N° TA95-2506465(TA95-2506465)
Le Tribunal Administratif de Cergy-Pontoise a rejeté la requête en annulation d'une ressortissante tunisienne visant un arrêté préfectoral de refus de titre de séjour et d'obligation de quitter le territoire français. Le juge a estimé que l'état de santé de son fils mineur, bien que nécessitant une prise en charge, n'était pas de nature à entraîner des conséquences d'une exceptionnelle gravité au sens de l'article L. 425-10 du CESEDA, et que les liens familiaux allégués ne justifiaient pas la délivrance d'un titre au titre de la vie privée et familiale (article L. 423-23 du CESEDA et article 7 quater de l'accord franco-tunisien). La décision administrative n'a donc pas été reconnue comme méconnaissant les conventions internationales invoquées relatives aux droits de l'enfant et au respect de la vie familiale.
N° TA95-2506985(TA95-2506985)
Le Tribunal Administratif de Cergy-Pontoise a annulé l'arrêté préfectoral du 15 avril 2025 refusant le renouvellement du titre de séjour de la requérante et lui enjoignant de quitter le territoire.
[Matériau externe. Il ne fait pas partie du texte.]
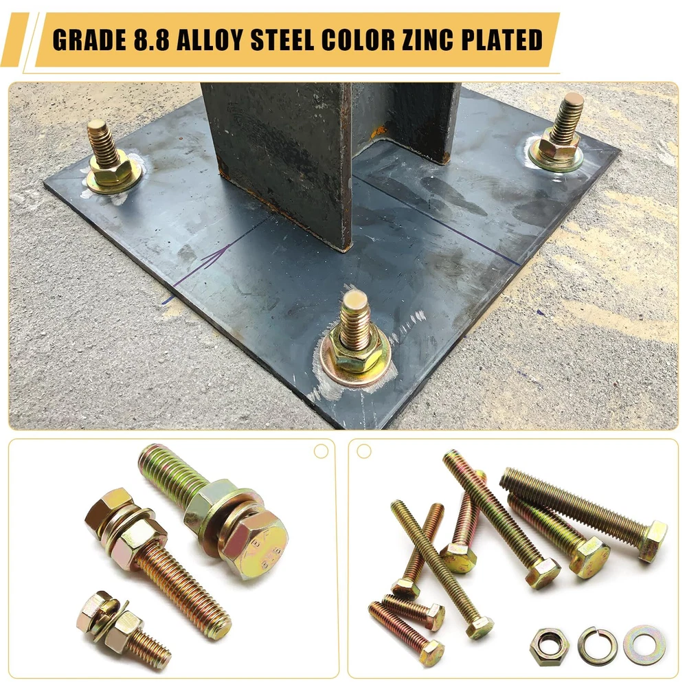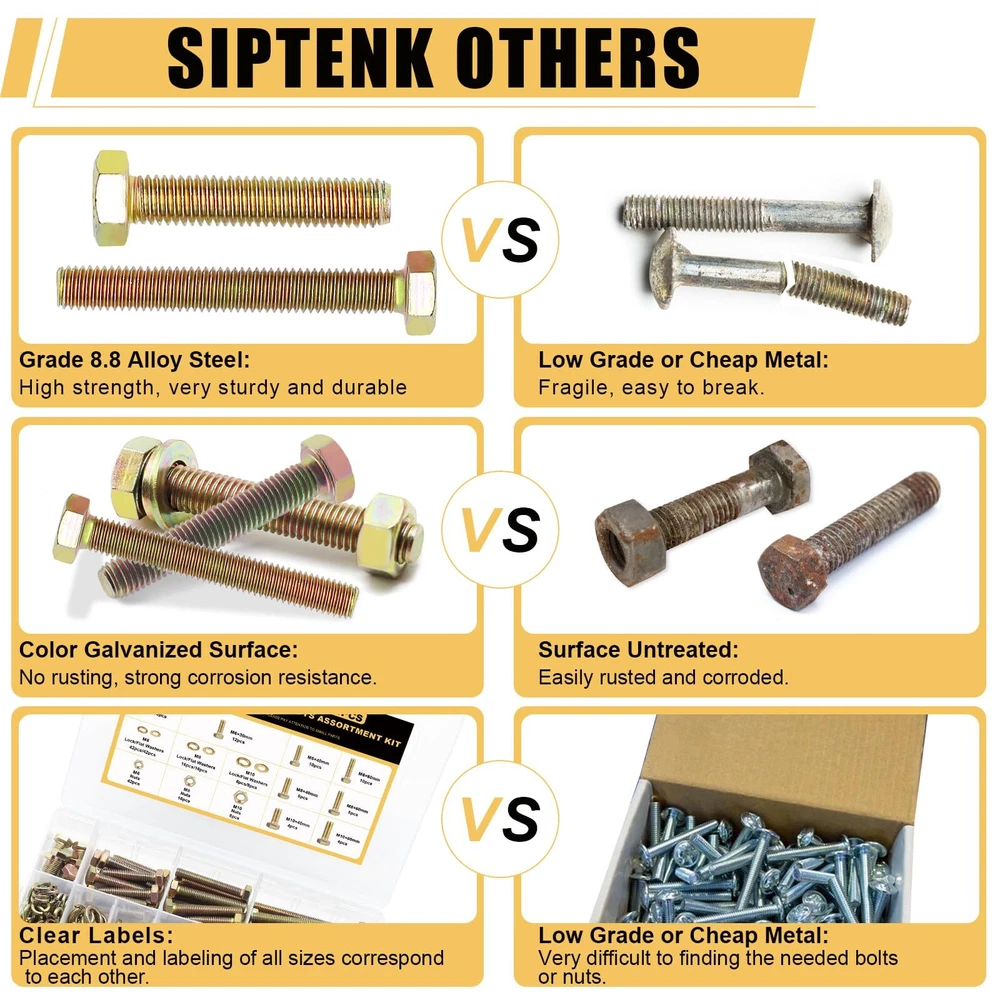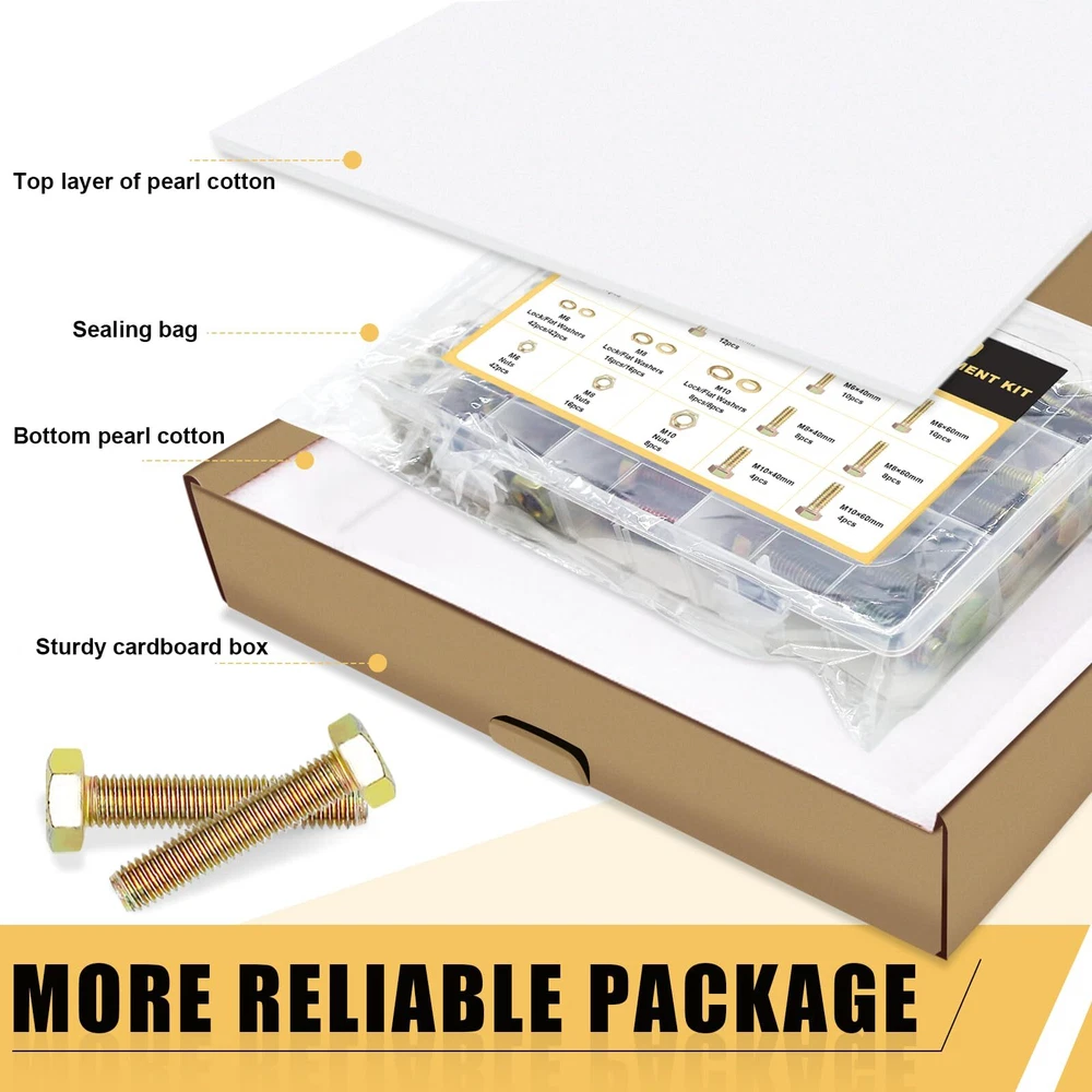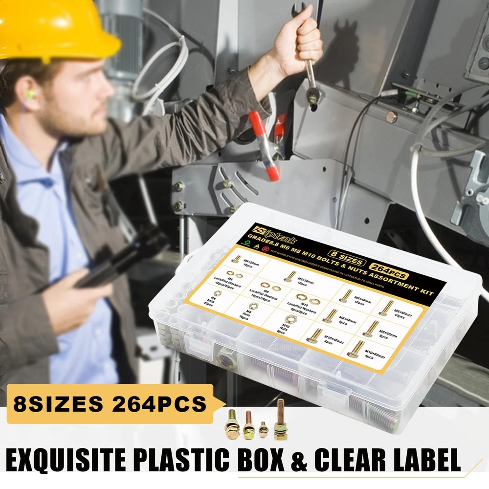 264PCS 8 SIZES M6 M8 M10 NUTS & BOLTS & WASHERS: M6x20 10pcs, M6x30 12pcs, M6x40 10pcs, M6x60 10pcs, M6 Nuts 42pcs, M6 Flat Washers 42pcs, M6 Lock Washers 42pcs; M8x40 8pcs, M8x60 8pcs, M8 Nuts 16pcs, M8 Flat Washers 16pcs, M8 Lock Washers 16pcs; M10x40 4pcs, M10x60 4pcs, M10 Nuts 8pcs, M10 Flat Washers 8pcs, M10 Lock Washers 8pcs. 8.8 HIGH-STRENGTH CARBON STEEL PLATED: The metric screw assortment, made of carbon steel plated with color , are not easy to damage and fade, anti-oxidation and anti-corrosion, no deformation, and can be used for a long time. MORE RELIABLE PACKAGE: The nut & bolt assortment sets are first neatly divided into a plastic storage box. Next, the plastic storage box is covered with a dustproof plastic bag. Then the cushioning foam is added and finally wrapped in a strong cardboard box. EASY TO USE: Bolts and nuts with standard hexagonal allen threads for a wide range of applications and ease of use. Regular household tools make it easy to install screw nuts. It also comes with types of washers for better tightening. PRECISE & CLEAN THREADS: The assorted nuts and bolts, with fine manufacturing process for smooth surface and clear threads without burrs, ensures users have a good purchase experience. A WIDE RANGE & LARGE QUANTITY: The nuts and bolts assortment kit are available in three bolt diameters of M6 M8 M10 and four lengths of 20mm, 30mm, 40mm and 60mm, a total of 8 sizes, and are equipped with enough nuts, flat washers and lock washers, to meet most of your daily needs. WIDE ALLPICATION: The nuts and bolts assortment kit can be widely used in various household appliances, furniture windows and doors, garages, outdoor gazebos, or building pet houses, as well as in the repair of cars, trucks, RVs, lawn mowers, and boats and yachts. AFTER-SALES: If you have any questions about bolts and nuts kit, please feel free to us. We will do our best to help you solve the problem and ensure to provide you with a pleasant shopping experience.

Le juge a retenu que le préfet, en fondant son refus sur des faits supposés de faux et d'usage de faux (articles 441-1 et 441-2 du code pénal) sans en apporter la preuve, avait commis une erreur de droit au regard des dispositions de l'article L. 432-1-1 du code de l'entrée et du séjour des étrangers et du droit d'asile. Le tribunal a enjoint au préfet de réexaminer la situation de l'intéressée dans un délai de deux mois et de lui délivrer une autorisation provisoire de séjour dans l'attente.
N° TA95-2507042(TA95-2507042)
Le Tribunal Administratif de Cergy-Pontoise a rejeté la requête en annulation d'un arrêté d'obligation de quitter le territoire français (OQTF) pris à l'encontre d'un ressortissant pakistanais. Le tribunal a jugé que l'arrêté, fondé sur les articles L. 611-1 1° et 5° du code de l'entrée et du séjour des étrangers et du droit d'asile (CESEDA), était régulier en droit, suffisamment motivé et ne méconnaissait pas les droits de la défense ou l'article 8 de la Convention européenne des droits de l'homme. Tous les moyens soulevés par le requérant ont été écartés.
N° TA95-2507047(TA95-2507047)
Le Tribunal administratif de Cergy-Pontoise a rejeté la requête d'un ressortissant sénégalais demandant l'annulation d'un arrêté préfectoral lui enjoignant de quitter le territoire français. La juridiction a estimé que l'obligation de quitter le territoire (OQTF) était suffisamment motivée et ne méconnaissait pas l'article 3 de la Convention européenne des droits de l'homme, le requérant n'ayant pas apporté d'éléments prouvant un risque personnel en cas de retour. La décision s'appuie sur les dispositions du code de l'entrée et du séjour des étrangers et du droit d'asile, notamment l'article L. 613-1.
N° TA95-2507386(TA95-2507386)
Le Tribunal Administratif de Cergy-Pontoise a rejeté la requête de M. B... visant à annuler l'arrêté préfectoral du 3 juin 2025 retirant son titre de séjour. La juridiction a jugé que la décision était régulière, notamment quant à la compétence de son signataire et à sa motivation, et que le retrait était légalement fondé sur une condamnation pour violences conjugales constituant une menace pour l'ordre public au sens de l'article L. 432-4 du code de l'entrée et du séjour des étrangers et du droit d'asile. Elle a également estimé que la décision respectait les stipulations de l'article 8 de la Convention européenne des droits de l'homme.